Mais je m’égare, j’avais commencé à vous parler prise de sang. Oui, car miracle !!! Enfin, la France commence à la proposer à ses patientes (pour l’instant il s’agit d’un test de 6 mois sur une certaine catégorie de femmes à risques). 99% de fiabilité durant les essais (sur des femmes présentant un risque important de T21 via les autres examens classiques, la prise de sang confirme à 99% la présence des marqueurs du syndrome).

Comment ça marche ? On fait une prise de sang à la mère. Dans ce sang on retrouve de l’ADN fœtal en petite quantité et cela permet de séquencer le génome du fœtus et de mettre en évidence le pourcentage de molécules issues du chromosome 21. S’il y a une surreprésentation de ces molécules, le test est positif. En clair : si on retrouve trop de ces molécules dans l’ADN du fœtus, alors le risque qu’il soit porteur est vraiment important, voire quasi sûr !

Pour l’instant, les patientes qui seraient porteuses de ces fameuses molécules en surnombre se verraient également proposer une amniocentèse pour confirmer le diagnostic de façon certaine.

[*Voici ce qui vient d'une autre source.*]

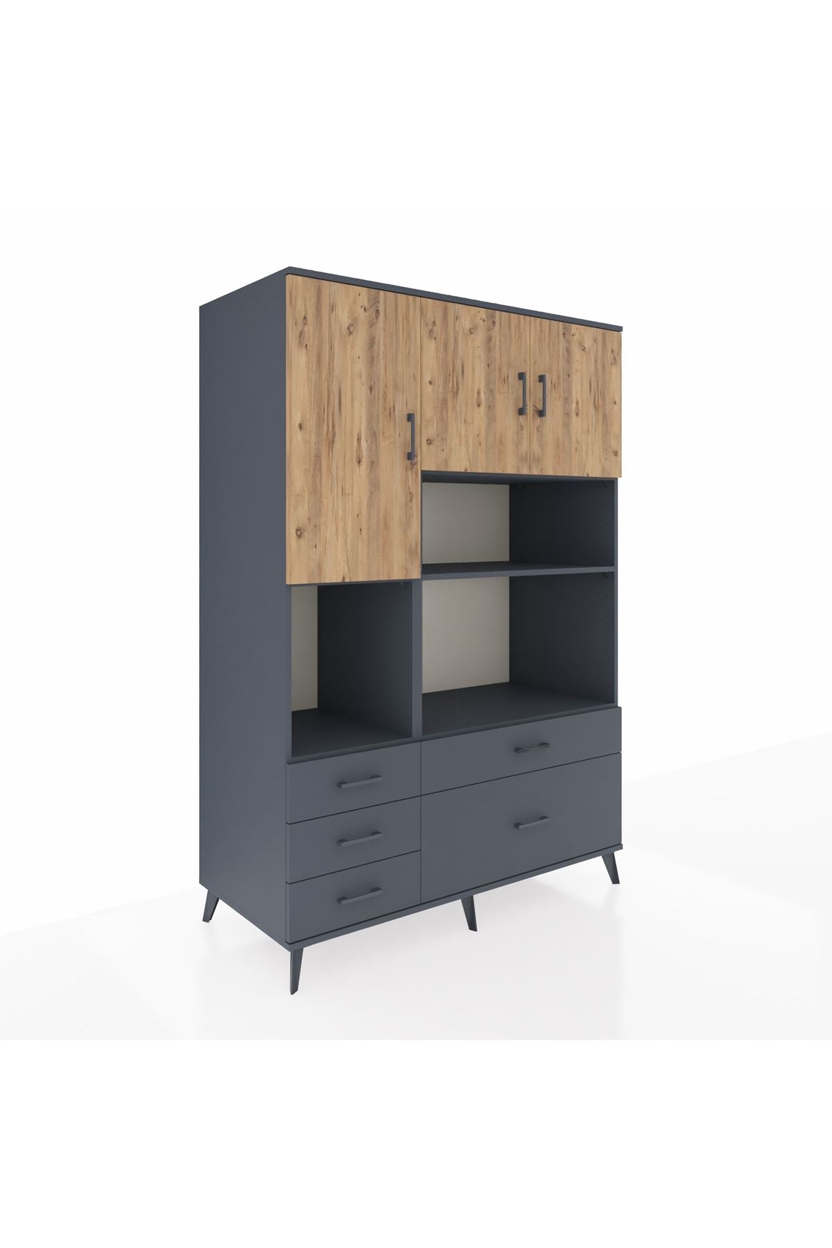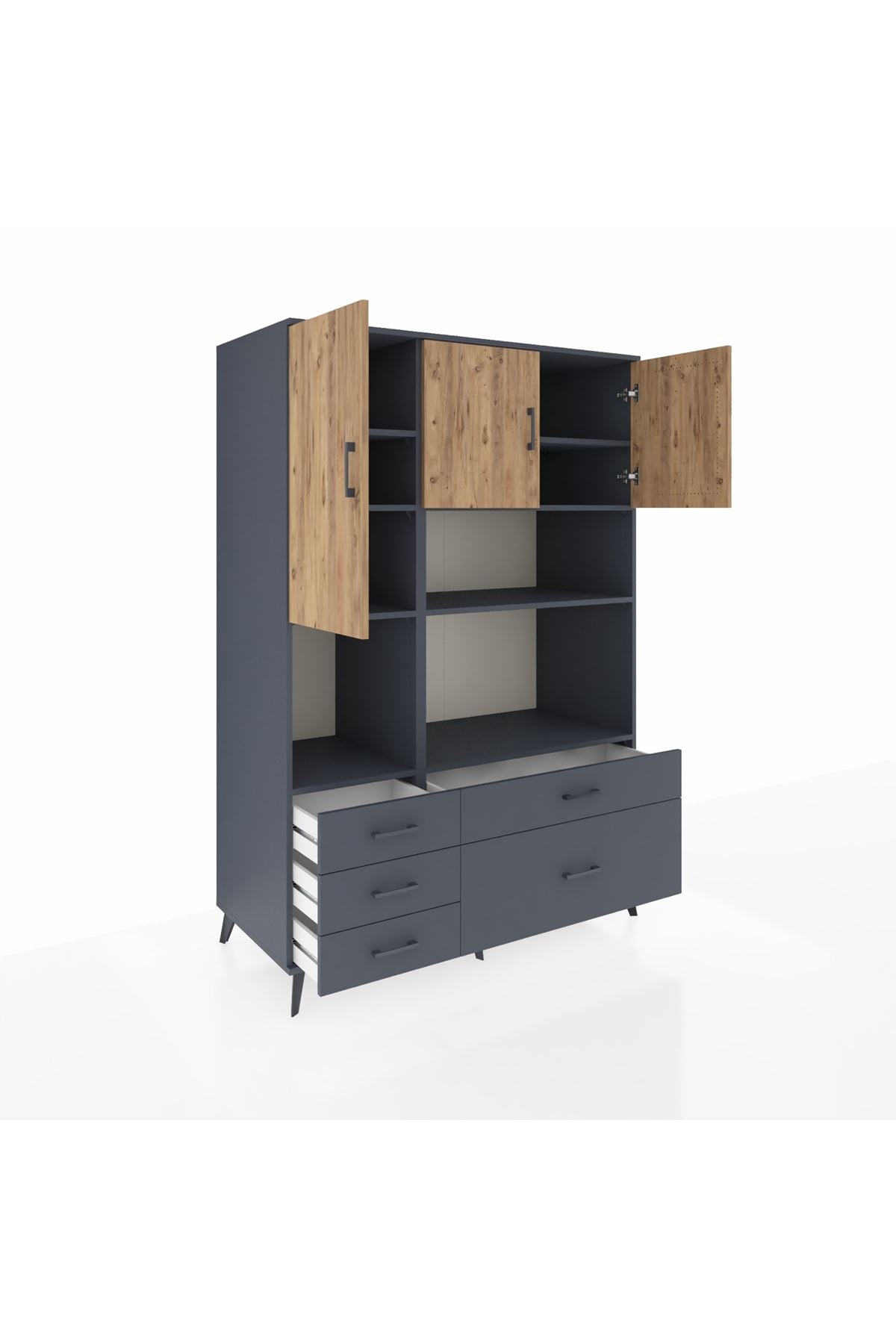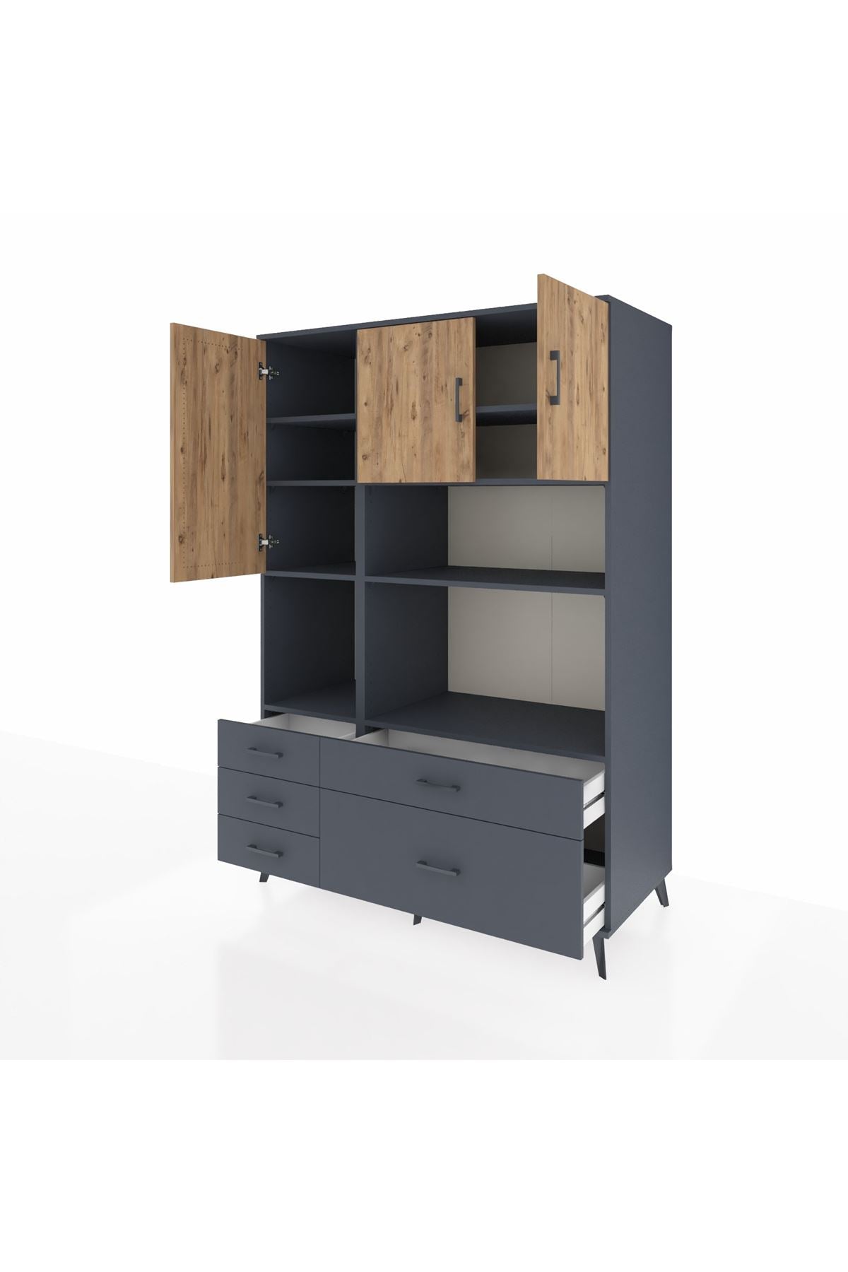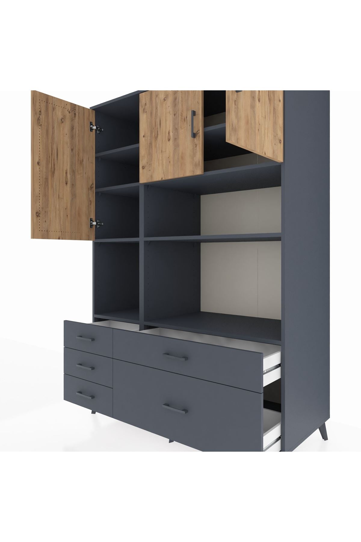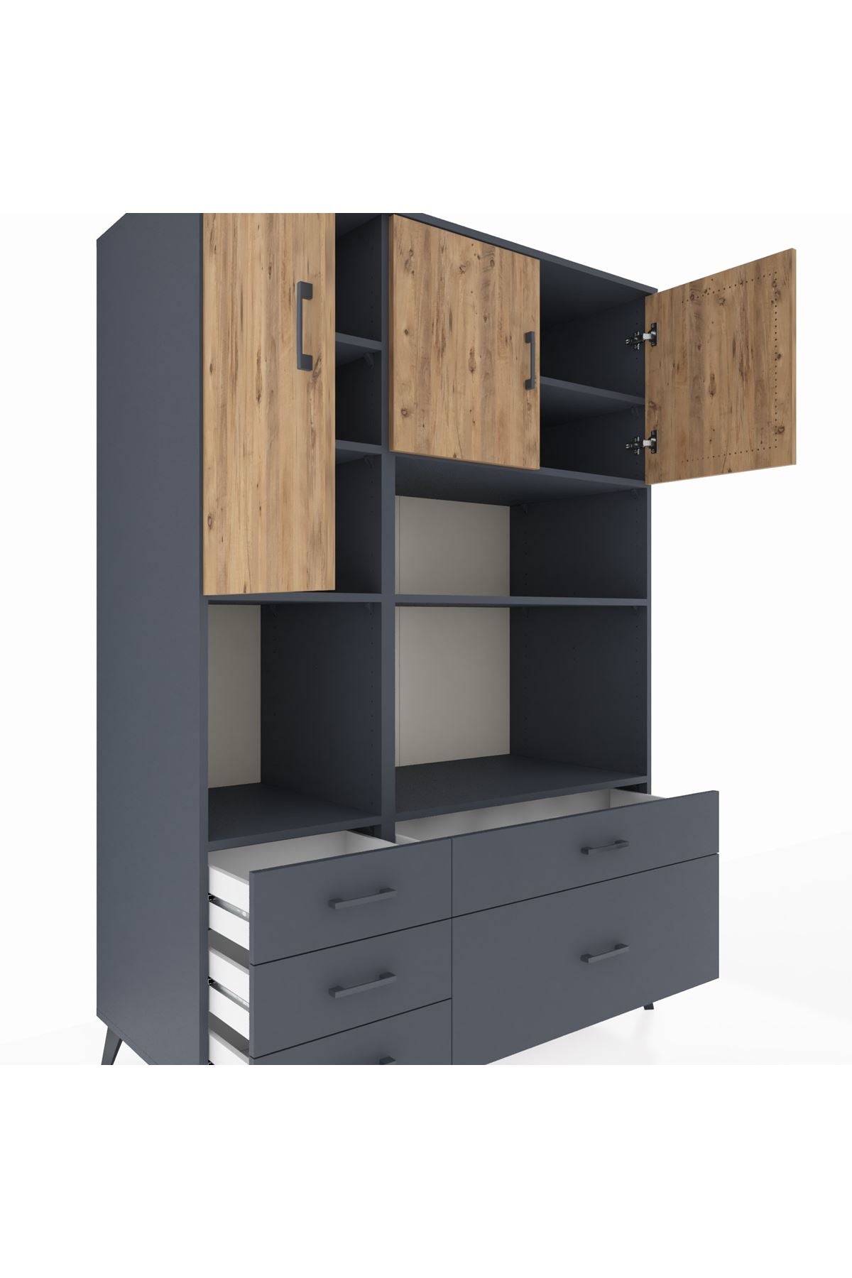 Kronos Dolap 8 Raflı 5 Çekmeceli 3 Kapaklı 132x59x195 Antrasit-Çam/Antrasit

Mais pour les autres, le risque serait écarté, et de manière solide ! L’objectif est ainsi de réduire le nombre d’examens invasifs à son minimum, et de le proposer uniquement aux parents dont le risque est démontré.

Extrait du journal La Croix / 1er octobre 2014 : « Depuis un an, le laboratoire a essayé ce protocole sur 1991 femmes, toutes jugées à risques, dont 1975 après un test par marqueurs sériques. Le test sanguin du laboratoire a été négatif dans 1923 cas. Sur les 68 tests positifs, 54 concernaient la trisomie 21. Parmi eux, 46 ont confirmé une anomalie chromosomique. »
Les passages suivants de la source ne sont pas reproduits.